SAN FRANCISCO - A number of prominent AI academics and engineers have signed an open letter demanding that Amazon halts all sales of Rekognition, its facial recognition API, to law enforcement agencies due to its alleged bias against women and ethnic minorities.
The letter, entitled 'On Recent Research Auditing Commercial Facial Analysis Technology' and released on Wednesday, is comprised of over 55 signatures at the time of writing. Pointing to a 2018 MIT study suggesting that Amazon's Rekognition had an error rate of 31% on the task of gender classification for women of colour, those signing called on government to regulate the technology.
"There are currently no laws in place to audit Rekognition's use, Amazon has not disclosed who the customers are, nor what the error rates are across different intersectional demographics," the letter states. "How can we then ensure that this tool is not improperly being used?"
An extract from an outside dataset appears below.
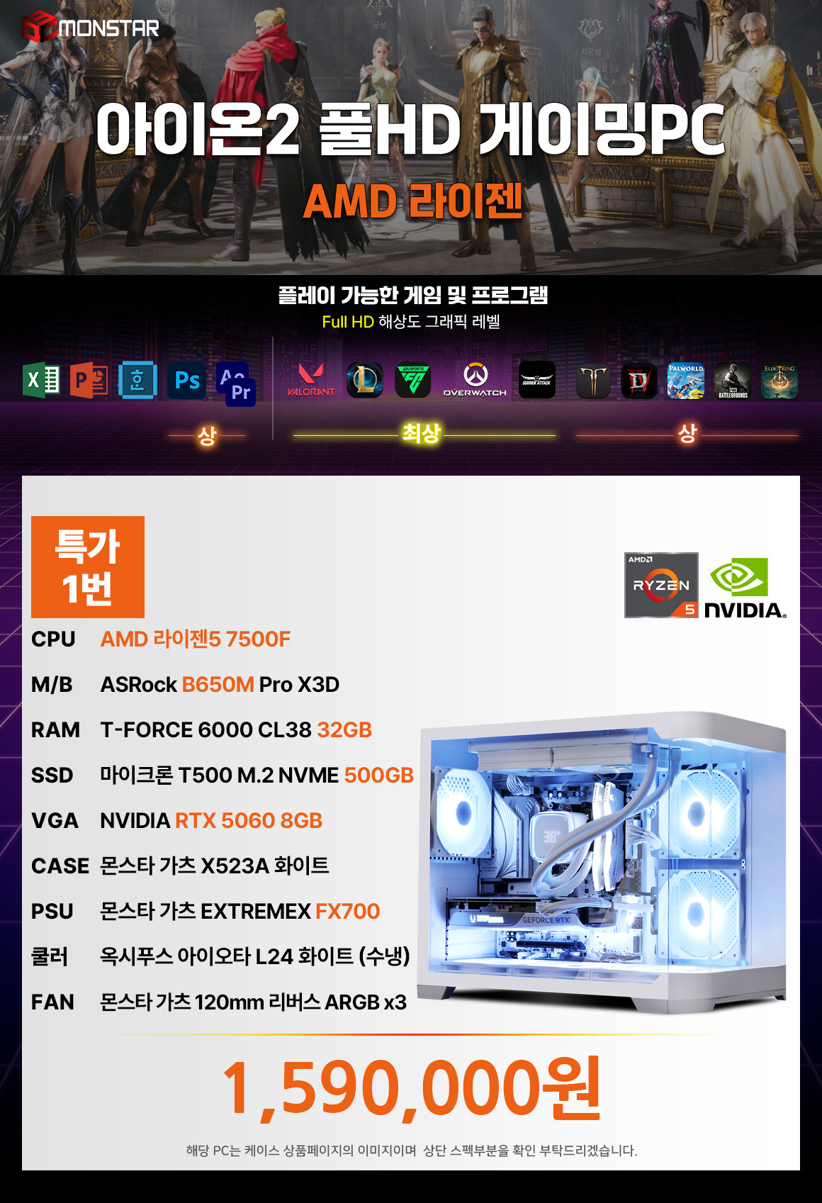 몬스타 7500F RTX5060 1번 아이온2 풀HD 게이밍PC - 즉시출고 이벤트

Rekognition came under heavy criticism last year following the release of the MIT Study. However, Amazon's General Manager of Artificial Intelligence, Matthew Wood, and VP of Global Public Policy, Michael Punke, leapt to its defense at the time, dismissing the research as 'misleading' and drawing 'false conclusions'. Now, the open letter directly refutes some of the criticisms made by Dr. Wood and Mr. Punke, saying that their response had been 'disappointing' and that they had misrepresented the technical details of the MIT study.
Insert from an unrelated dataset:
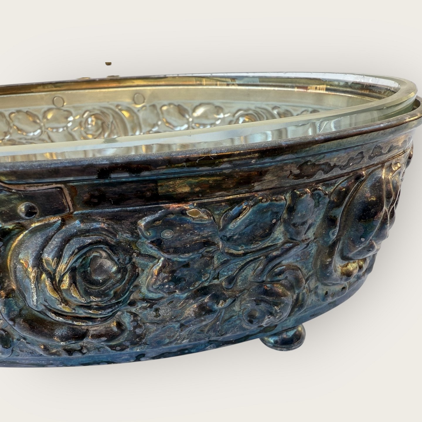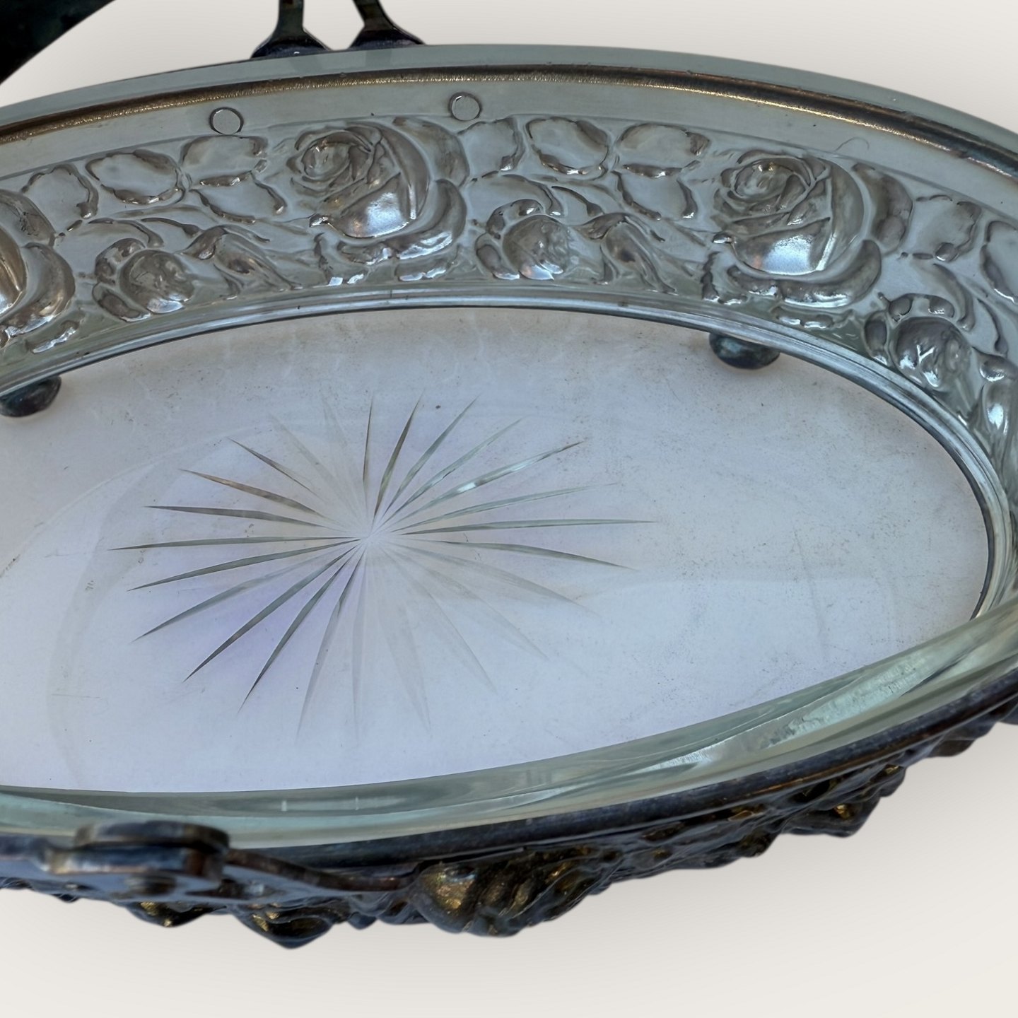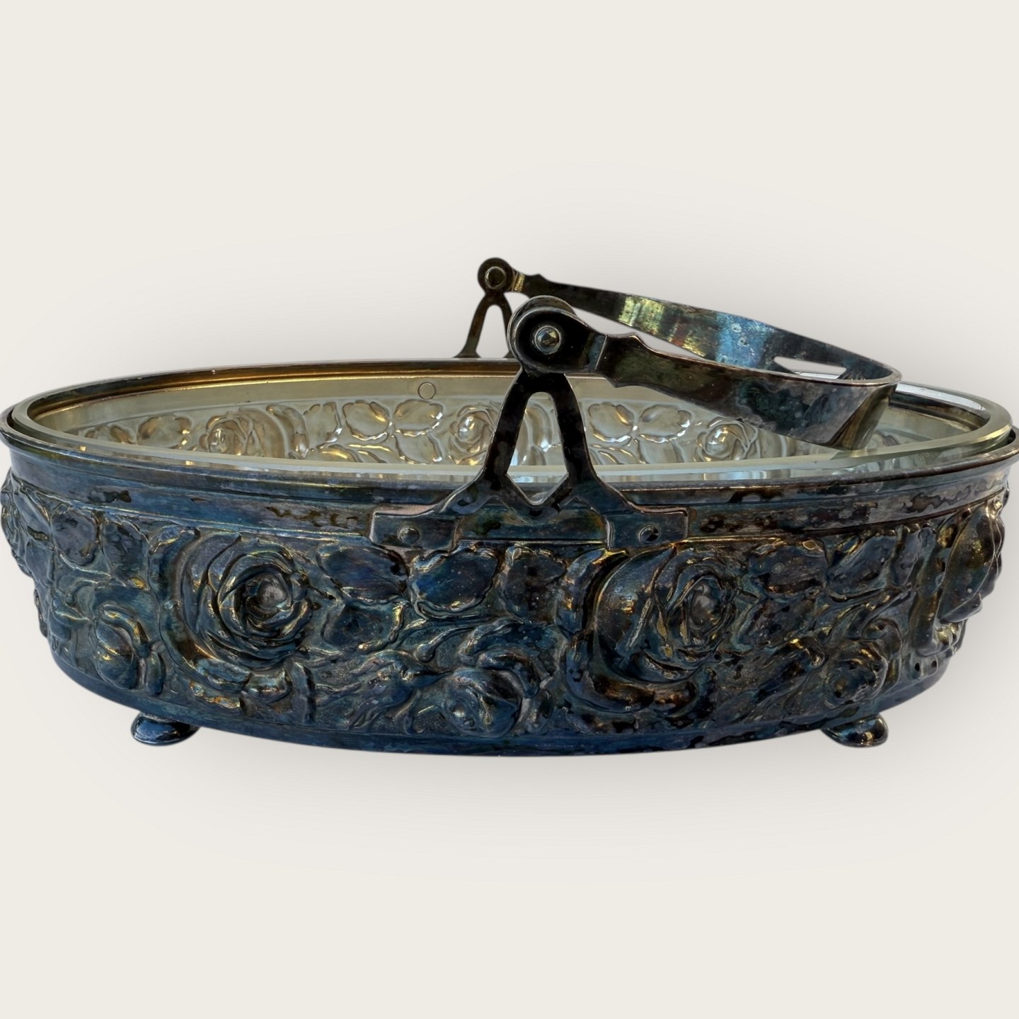 Bowl with glass insert in silver plated with rose decoration and handle, 25x14cm. *Beautiful patinated condition, with beautiful whole glass bowl*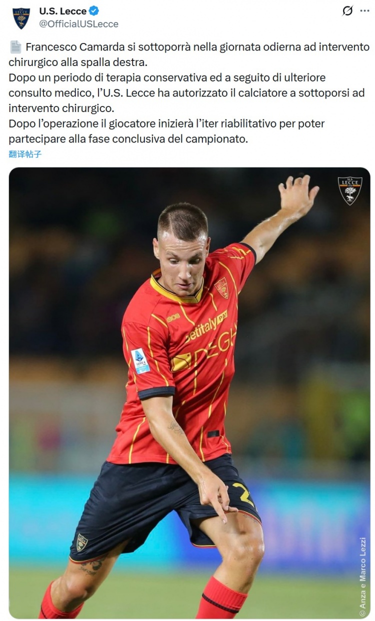 零点吧足球1月28日讯 莱切俱乐部官方确认,队内前锋卡马达将接受手术。

"We hope that the company will thoroughly examine all of its products and question whether they should currently be used by police. Mr. Punke writes that the company supports legislation to ensure that its products are not used in a manner that infringes civil liberties. We call on Amazon to stop selling Rekognition to law enforcement as such legislation and safeguards are not in place."
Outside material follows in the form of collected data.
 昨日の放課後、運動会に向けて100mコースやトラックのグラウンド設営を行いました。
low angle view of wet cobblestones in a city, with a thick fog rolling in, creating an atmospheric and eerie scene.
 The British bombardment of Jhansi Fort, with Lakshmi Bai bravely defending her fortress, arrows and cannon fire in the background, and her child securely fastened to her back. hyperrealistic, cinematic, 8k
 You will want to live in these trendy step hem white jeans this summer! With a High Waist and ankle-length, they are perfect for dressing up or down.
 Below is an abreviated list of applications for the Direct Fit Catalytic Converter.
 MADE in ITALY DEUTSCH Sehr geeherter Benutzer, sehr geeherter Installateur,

Explainability and bias in AI datasets are becoming increasing concerns for the public, governments, and businesses. For example, when Microsoft came under similar fire after an earlier MIT study reported similar ethnic biases in their facial recognition software, the firm took measures to improve the accuracy of its facial recognition tool and pushed for legislation in Washington State to increase transparency around the use of facial recognition technologies in public.
Amazon declined to comment on the letter when asked by The NY Times on Wednesday.